» **TASK**:
Return an exact copy of the lines from the one holding "(Foto 2, 3 y 4)" to the end of the data, including both the starting and final lines. Leave the pictures out.

» **SUPPLIED MATERIAL**:

══════

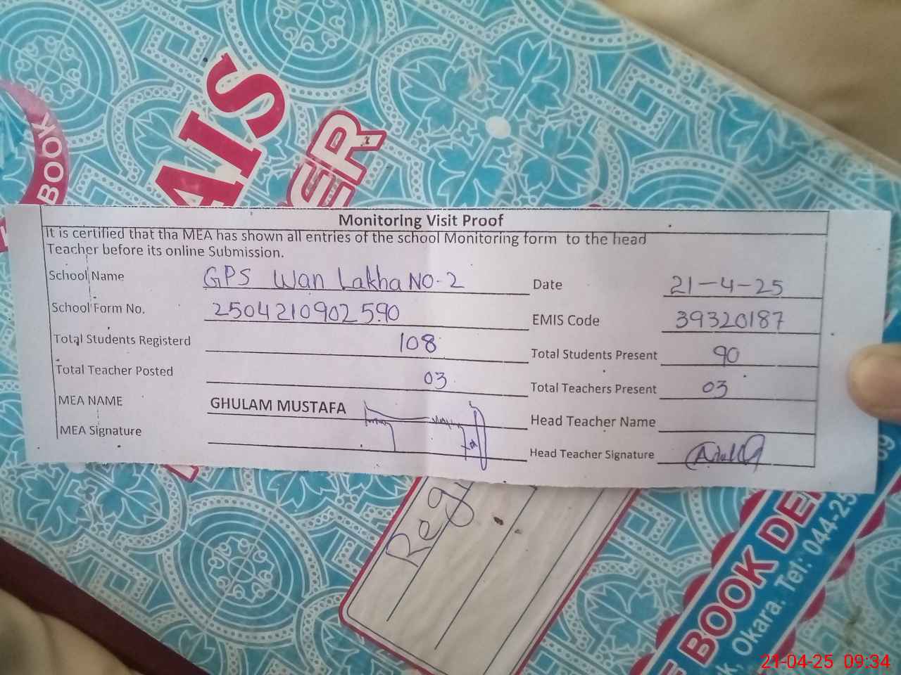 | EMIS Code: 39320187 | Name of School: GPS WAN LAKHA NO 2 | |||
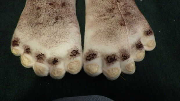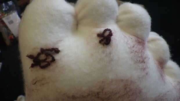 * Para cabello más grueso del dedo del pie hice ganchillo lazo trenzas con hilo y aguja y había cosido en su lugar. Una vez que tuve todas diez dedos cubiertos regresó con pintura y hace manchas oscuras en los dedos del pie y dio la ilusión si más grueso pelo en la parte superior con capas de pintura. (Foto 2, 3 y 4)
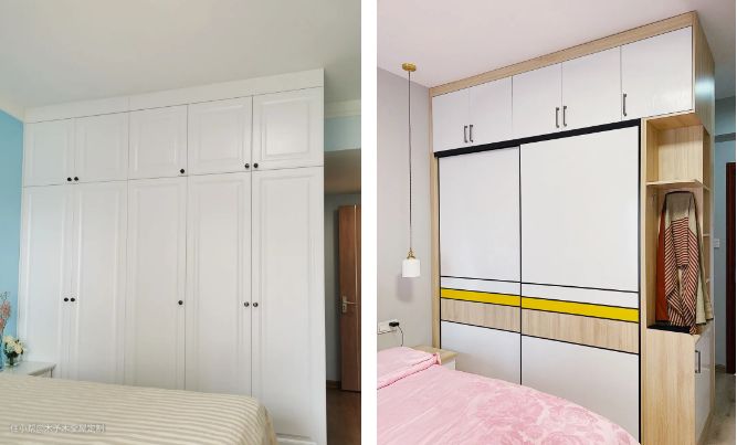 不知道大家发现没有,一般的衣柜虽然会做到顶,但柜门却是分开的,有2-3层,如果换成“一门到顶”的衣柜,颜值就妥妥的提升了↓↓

══════

» **COMPLETED TASK**:
 * Para cabello más grueso del dedo del pie hice ganchillo lazo trenzas con hilo y aguja y había cosido en su lugar. Una vez que tuve todas diez dedos cubiertos regresó con pintura y hace manchas oscuras en los dedos del pie y dio la ilusión si más grueso pelo en la parte superior con capas de pintura. (Foto 2, 3 y 4)
 不知道大家发现没有,一般的衣柜虽然会做到顶,但柜门却是分开的,有2-3层,如果换成“一门到顶”的衣柜,颜值就妥妥的提升了↓↓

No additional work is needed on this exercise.